(Beginning of DATA SHOWN)
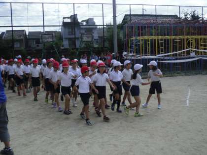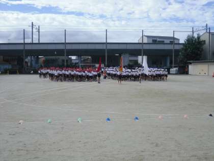 高学年は横の列もさすがに揃います。全員が運動場の南側に揃うと,一斉に本部席に向かって行進です。みんなとてもいい顔をしています。
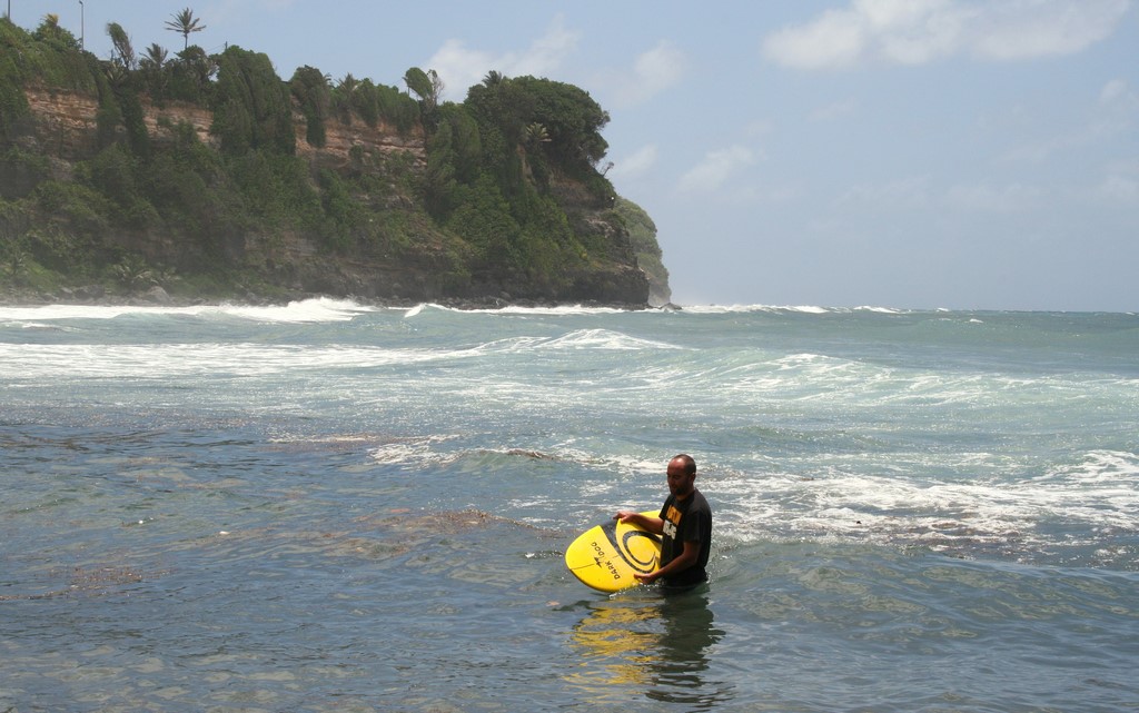Kilkanaście lat mojego żeglarstwa przypadło na intensywną zażyłość z windsurfingiem, która zaczęła się w 1994 roku. Potem wróciłem do jachtów i stopniowo skoncentrowałem się na żeglarstwie wyprawowym, ale zawsze miałem ogromną ochotę spróbować surfingu na fali, który w bałtyckich warunkach jest praktycznie niemożliwy. Podczas wyprawy „Sputnikiem dookoła Ziemi” kilkukrotnie mijaliśmy miejsca, gdzie surfing da się uprawiać, jednak zawsze albo brakowało nam czasu, żeby zostać tam dłużej, albo nie było możliwości zdobycia odpowiedniego sprzętu, albo ostatecznie po pokonaniu pierwszych dwóch trudności nie było dobrej fali. Gdy dowiedziałem się, że na Martynice jest kilka plaż odpowiednich do surfowania, postanowiłem podejść do sprawy poważniej. Podczas naszej wycieczki objazdowej po wyspie dotarliśmy na Półwysep Caravelle. Właśnie tutaj znalazłem jedyny na wyspie sklep z używanymi deskami, znajdujący się kilkaset metrów od „najłatwiejszej” plaży Martyniki.
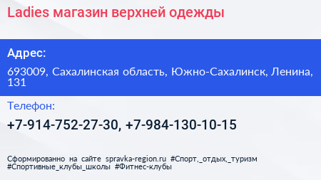 Ladies, магазин верхней одежды по адресу 693009, Сахалинская область, Южно-Сахалинск, Ленина, 131 в дальнейшем Организация, размещена в следующих категориях:
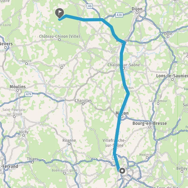 Continuer et rejoindre M6 (Autoroute du Soleil). Continuer sur 146 kilomètres
(End of DATA SHOWN)
WHAT THIS TASK INVOLVES: Transcribe the material as is, with images omitted.

REPLY:
 高学年は横の列もさすがに揃います。全員が運動場の南側に揃うと,一斉に本部席に向かって行進です。みんなとてもいい顔をしています。
Kilkanaście lat mojego żeglarstwa przypadło na intensywną zażyłość z windsurfingiem, która zaczęła się w 1994 roku. Potem wróciłem do jachtów i stopniowo skoncentrowałem się na żeglarstwie wyprawowym, ale zawsze miałem ogromną ochotę spróbować surfingu na fali, który w bałtyckich warunkach jest praktycznie niemożliwy. Podczas wyprawy „Sputnikiem dookoła Ziemi” kilkukrotnie mijaliśmy miejsca, gdzie surfing da się uprawiać, jednak zawsze albo brakowało nam czasu, żeby zostać tam dłużej, albo nie było możliwości zdobycia odpowiedniego sprzętu, albo ostatecznie po pokonaniu pierwszych dwóch trudności nie było dobrej fali. Gdy dowiedziałem się, że na Martynice jest kilka plaż odpowiednich do surfowania, postanowiłem podejść do sprawy poważniej. Podczas naszej wycieczki objazdowej po wyspie dotarliśmy na Półwysep Caravelle. Właśnie tutaj znalazłem jedyny na wyspie sklep z używanymi deskami, znajdujący się kilkaset metrów od „najłatwiejszej” plaży Martyniki.
 Ladies, магазин верхней одежды по адресу 693009, Сахалинская область, Южно-Сахалинск, Ленина, 131 в дальнейшем Организация, размещена в следующих категориях:
 Continuer et rejoindre M6 (Autoroute du Soleil). Continuer sur 146 kilomètres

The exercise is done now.